The 2026 program marks 250 years since the signing of the Declaration of Independence, using the milestone as a lens to explore the forces shaping the world today. Festival is split into two sections — passholders pick Festival 1 (June 25–28) or Festival 2 (June 28–July 1); patrons attend both.
Preceded by Aspen Ideas: Health (June 22–25) — opening the Aspen Ideas Festival for its 13th year, with 60+ sessions on the science, business, and policy of health.
Hotels in Aspen sell out for Food & Wine and Labor Day Weekend months in advance — and prices triple in those windows. Lock in lodging first; passes are easier to find late than a place to sleep.
The middle of the season — Aspen Music Festival and School runs continuously, and the Mountainside Music Festival closes the month with a two-day electronic and indie lineup at the base of Buttermilk.

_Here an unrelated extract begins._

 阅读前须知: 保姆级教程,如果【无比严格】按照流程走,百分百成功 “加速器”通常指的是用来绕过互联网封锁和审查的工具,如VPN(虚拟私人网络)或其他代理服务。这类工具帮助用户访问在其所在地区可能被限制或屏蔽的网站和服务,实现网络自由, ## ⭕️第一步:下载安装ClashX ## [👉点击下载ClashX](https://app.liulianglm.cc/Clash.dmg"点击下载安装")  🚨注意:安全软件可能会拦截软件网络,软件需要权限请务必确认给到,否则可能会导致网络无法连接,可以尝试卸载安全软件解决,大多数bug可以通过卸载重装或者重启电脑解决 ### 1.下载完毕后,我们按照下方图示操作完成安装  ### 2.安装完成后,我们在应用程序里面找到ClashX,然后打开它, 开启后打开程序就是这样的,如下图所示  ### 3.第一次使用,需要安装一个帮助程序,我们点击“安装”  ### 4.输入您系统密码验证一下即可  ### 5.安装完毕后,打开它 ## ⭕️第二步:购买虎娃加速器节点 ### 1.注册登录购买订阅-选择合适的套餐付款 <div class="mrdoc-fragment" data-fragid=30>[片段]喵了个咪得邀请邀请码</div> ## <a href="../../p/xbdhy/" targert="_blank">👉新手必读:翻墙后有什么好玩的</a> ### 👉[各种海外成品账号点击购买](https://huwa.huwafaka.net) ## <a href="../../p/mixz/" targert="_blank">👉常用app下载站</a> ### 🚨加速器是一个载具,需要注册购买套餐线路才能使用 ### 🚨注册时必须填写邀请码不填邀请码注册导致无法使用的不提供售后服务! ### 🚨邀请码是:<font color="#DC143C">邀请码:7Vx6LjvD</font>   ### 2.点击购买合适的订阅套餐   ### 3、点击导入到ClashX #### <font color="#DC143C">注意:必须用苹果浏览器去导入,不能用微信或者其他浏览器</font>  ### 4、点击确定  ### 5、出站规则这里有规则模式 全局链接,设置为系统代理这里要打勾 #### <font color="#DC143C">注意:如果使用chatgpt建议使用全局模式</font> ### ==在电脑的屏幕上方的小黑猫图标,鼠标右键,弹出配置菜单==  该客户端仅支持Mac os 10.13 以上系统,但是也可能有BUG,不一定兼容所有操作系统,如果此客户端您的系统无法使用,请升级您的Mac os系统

One of the oldest and most respected classical music festivals in the United States, programmed continuously through the summer with hundreds of performances. Concerts at the Benedict Music Tent and Harris Concert Hall span symphonic orchestra programs, chamber music, opera, and jazz nights. Smaller venues up and down the Roaring Fork Valley host more intimate sets through the season.
The festival also runs as one of the most prestigious training programs for young classical musicians in the world — many recital programs feature students alongside the resident faculty.

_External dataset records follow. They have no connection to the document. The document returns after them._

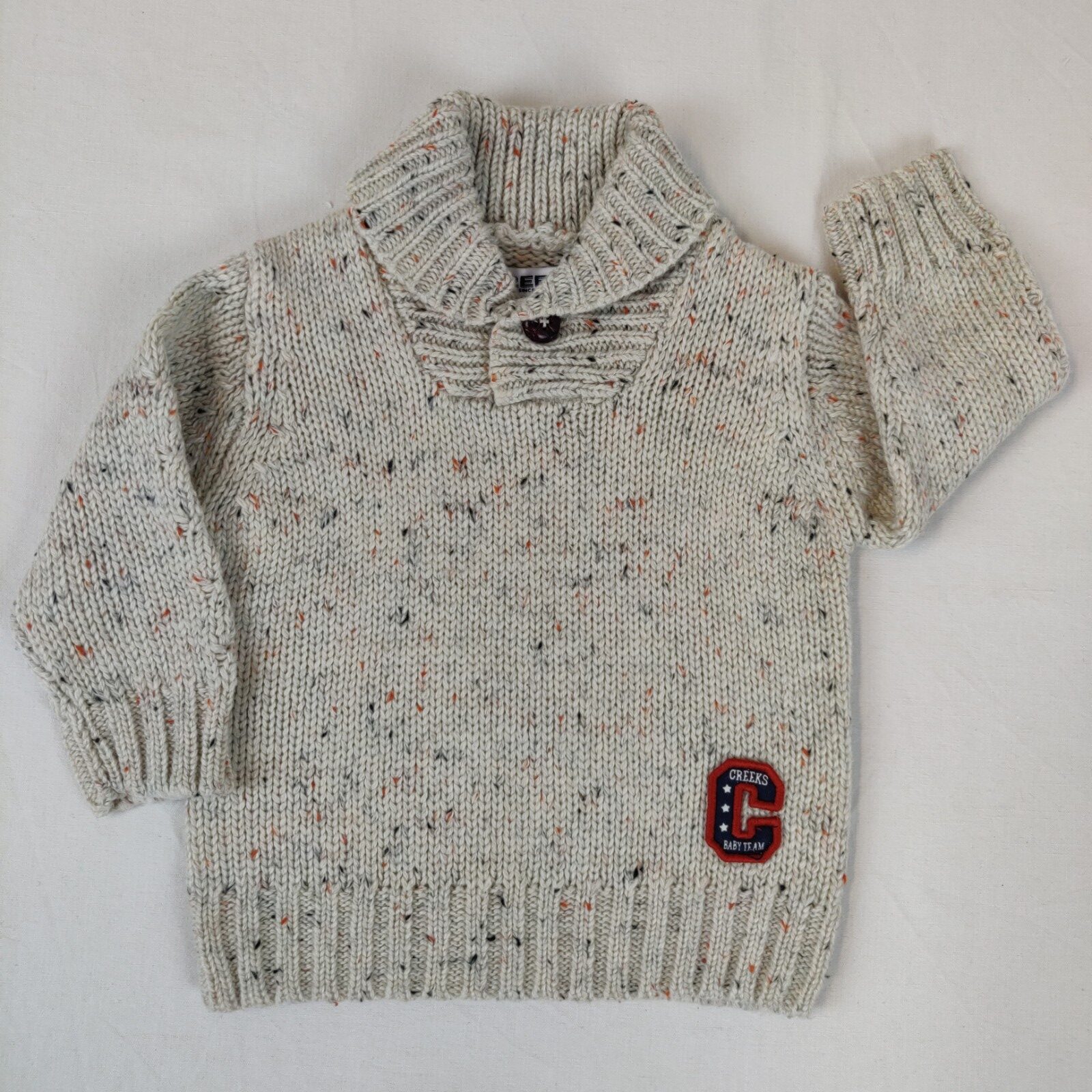 Autres commentaires : Pull col châle beige à petits fils oranges et bleu marine. Pas d’étiquette mais probablement coton/polyester.
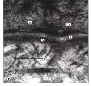 | Describe the fuzzy dark stuff on each cell | Desmosomes (Macula adherens) |
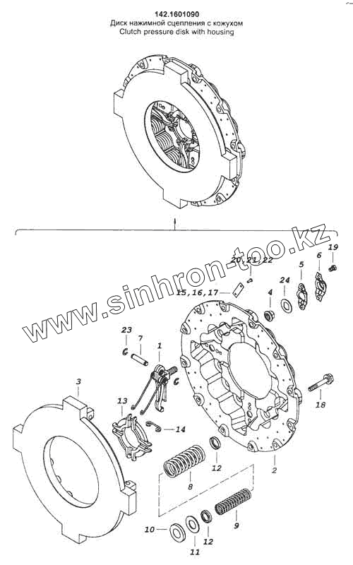 Каталог запасных частей к технике: Камский автозавод 53228, 65111. Диск нажимной сцепления с кожухом

For its second year, Aspen's newest music event brings two days of live performances to the base of the Buttermilk ski area. The 2026 lineup includes John Summit, Empire of the Sun, Passion Pit, Dom Dolla, Polo & Pan, and more — leaning into electronic, indie-electronic, and dance-pop with a stage built into the mountain backdrop.
A different energy from the JAS festivals — younger crowd, dance-oriented programming, two-day pass format.
Three full productions across the 2026 summer at the Hurst Theatre Tent in Rio Grande Park — world-class theatre in an intimate 200-seat tent setting, programmed by Producing Director Jed Bernstein.
Sylvia (June 15–27) — A.R. Gurney's comedy about a couple, a dog, and a marriage, directed by Tony nominee Hunter Foster.
A Chorus Line (July 3–25) — the seventh-longest-running Broadway musical in history, directed by Paige Price (returning to Theatre Aspen after a decade as its Executive Artistic Director). Choreography by Eamon Foley.
Grease (July 31–August 29) — the rock-and-roll musical with the longest tail in modern musical theatre. Directed by Patrick O'Neill.
Season passes go on sale in April and sell out within 36 hours; single tickets go on sale in May. The Solo Flights Festival of one-person plays follows September 8–13.
One event closes the season, and it is the biggest one of all.
The closing weekend of summer. Three days of dance-oriented popular music — pop, R&B, rock, funk, blues, world, soul — at Snowmass Town Park, with the Elk Mountain Range as backdrop.
Friday, September 4 — Benson Boone, with Trombone Shorty & Orleans Avenue opening. Boone's "Beautiful Things" was the most-streamed song in the world in 2024; he was Best New Artist–nominated at the 2025 Grammys.
Saturday, September 5 — Bonnie Raitt, returning to JAS for the first time since 2000. Thirteen-time Grammy winner, Rock & Roll Hall of Fame inductee, Recording Academy Lifetime Achievement, 2024 Kennedy Center Honoree. Country newcomer Avery Anna kicks off Saturday at 3pm.
Sunday, September 6 — The Red Clay Strays, the Mobile, Alabama band whose breakout "Wondering Why" hit Billboard's Hot Rock & Alternative Top 10. Tim McGraw also on the weekend's lineup.
Three to five main-stage shows daily; smaller side stages between sets. Shows run until ~9:30–10pm. Will Call opens Friday at noon.
If you can afford a non-festival visit, the two weeks after the JAS Labor Day weekend are when the aspens turn gold, the lifts at Maroon Creek scenic gondola open for fall foliage, and the dining rooms become reservable again. The town quiets down for a brief window before the ski-season pre-opening prep begins.